Supplied material:
***

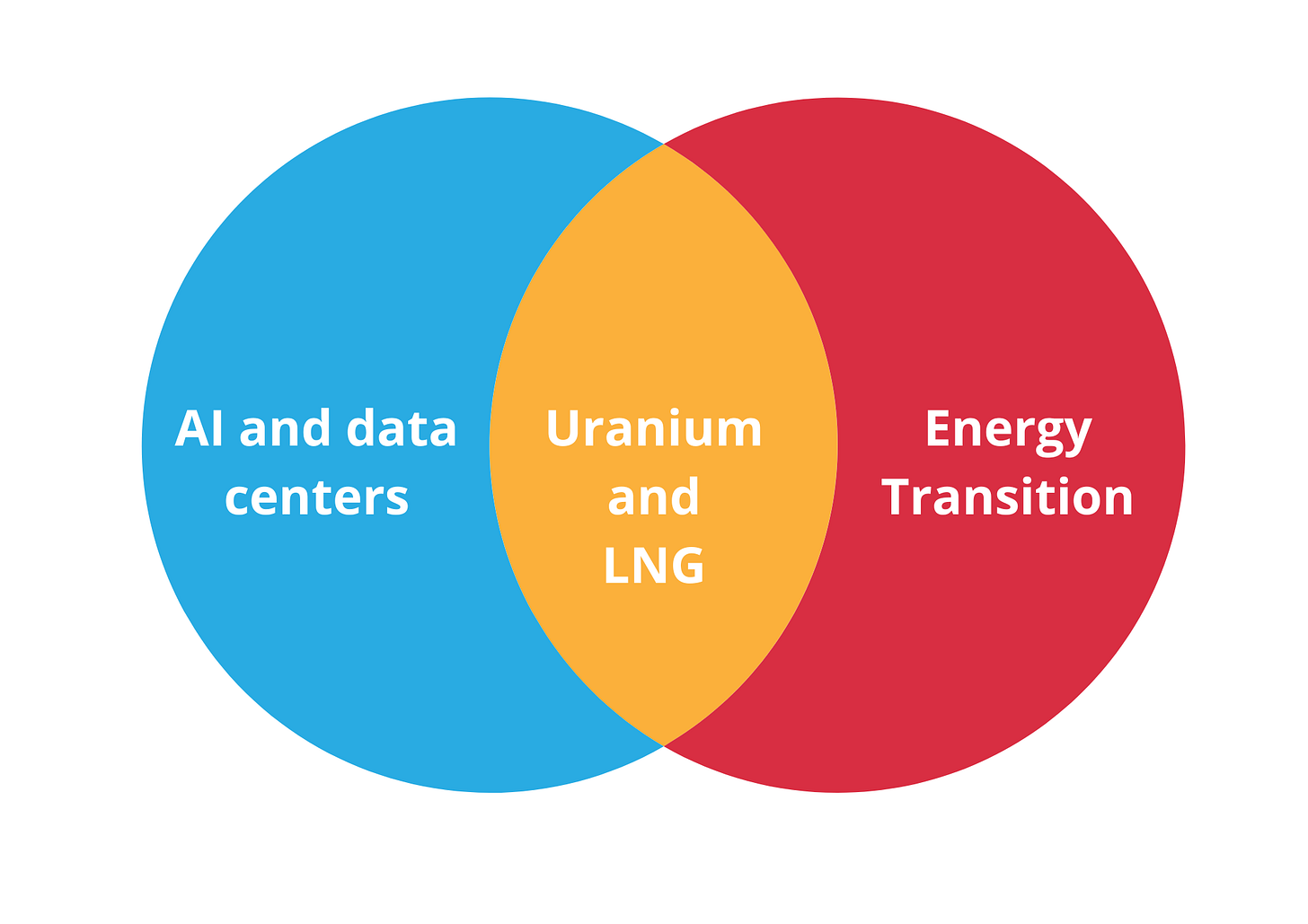 I am long AI and green energy. You wonder how. Basically, by investing in energy. Datacenters make the AI revolution possible. They consume enormous amounts of energy. On the other hand, we have an energy transition. Therefore, we need energy-dense fuel combined with minimum emissions. Uranium and LNG are the answer.
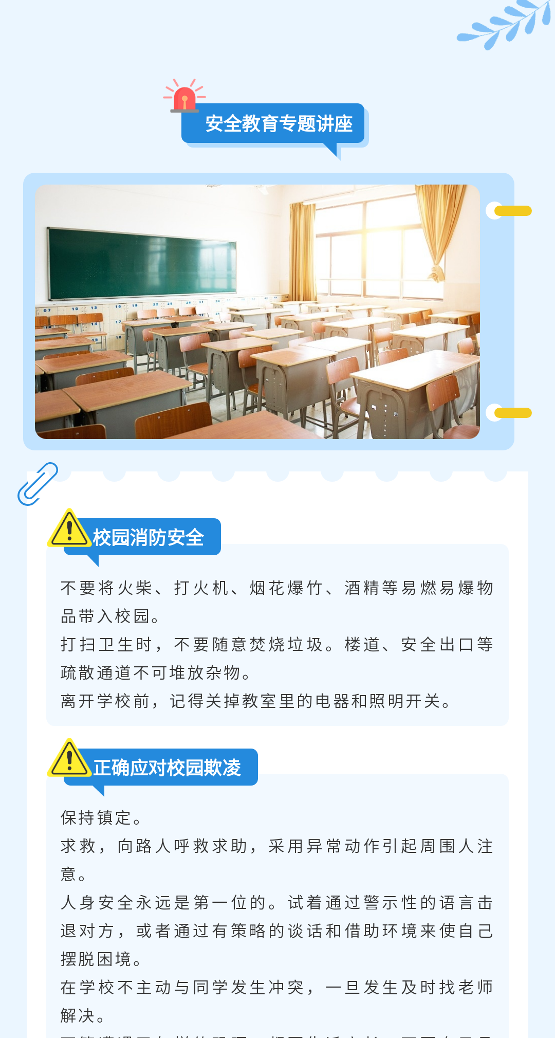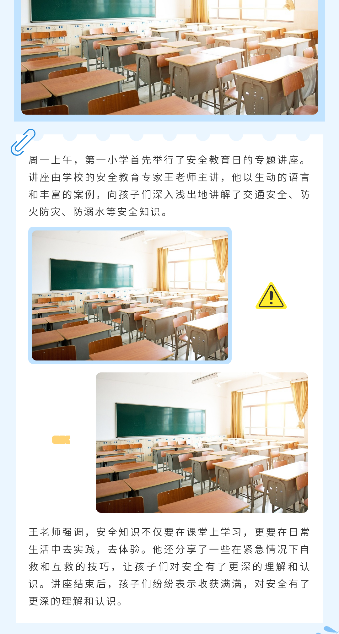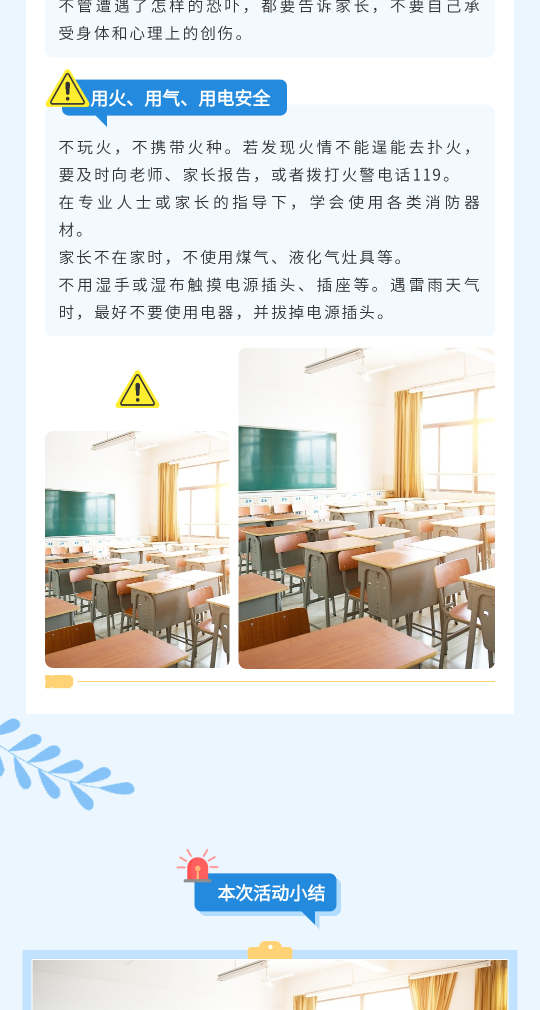 小学在开学季这个阶段主要会涉及的选题包括:开学通知、开学第一课、安全教育活动等。排版风格主要以卡通、清新风为主,排版颜色依然可以选择一些相对明亮的色彩,比如绿色、蓝色、黄色等,选择的排版元素可以根据主题内容挑选。
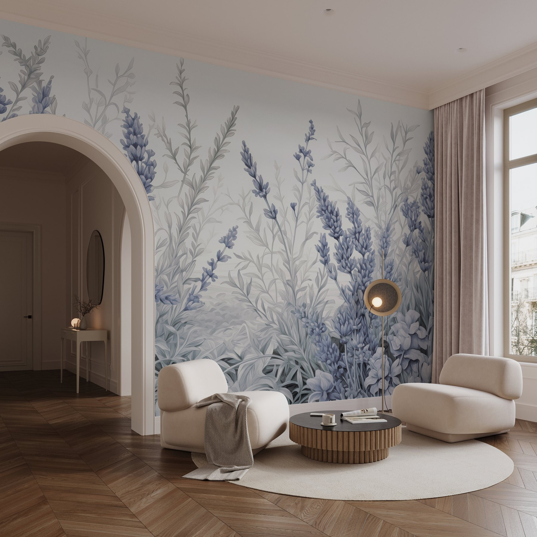 Transforma tu espacio con la relajante belleza de “Delicate Blues in Floral Harmony”. Imagina entrar en un jardín de ensueño cada día, lleno de suave lavanda y suaves flores que sólo susurran “relájate”. Este mural aporta un toque de naturaleza al interior, perfecto para un rincón acogedor o un sereno dormitorio. Los tonos calmantes pueden convertir incluso el día más caótico en una experiencia tranquila. Imagínese los domingos por la mañana tomando café mientras estas elegantes flores bailan en sus paredes; en serio, es como unas minivacaciones en casa. Deja que cada mirada te recuerde el relajante abrazo de la naturaleza.

***

Task to carry out:
Would you return the whole listing exactly, without the pictures?

Output for this exercise:
 I am long AI and green energy. You wonder how. Basically, by investing in energy. Datacenters make the AI revolution possible. They consume enormous amounts of energy. On the other hand, we have an energy transition. Therefore, we need energy-dense fuel combined with minimum emissions. Uranium and LNG are the answer.
 小学在开学季这个阶段主要会涉及的选题包括:开学通知、开学第一课、安全教育活动等。排版风格主要以卡通、清新风为主,排版颜色依然可以选择一些相对明亮的色彩,比如绿色、蓝色、黄色等,选择的排版元素可以根据主题内容挑选。
 Transforma tu espacio con la relajante belleza de “Delicate Blues in Floral Harmony”. Imagina entrar en un jardín de ensueño cada día, lleno de suave lavanda y suaves flores que sólo susurran “relájate”. Este mural aporta un toque de naturaleza al interior, perfecto para un rincón acogedor o un sereno dormitorio. Los tonos calmantes pueden convertir incluso el día más caótico en una experiencia tranquila. Imagínese los domingos por la mañana tomando café mientras estas elegantes flores bailan en sus paredes; en serio, es como unas minivacaciones en casa. Deja que cada mirada te recuerde el relajante abrazo de la naturaleza.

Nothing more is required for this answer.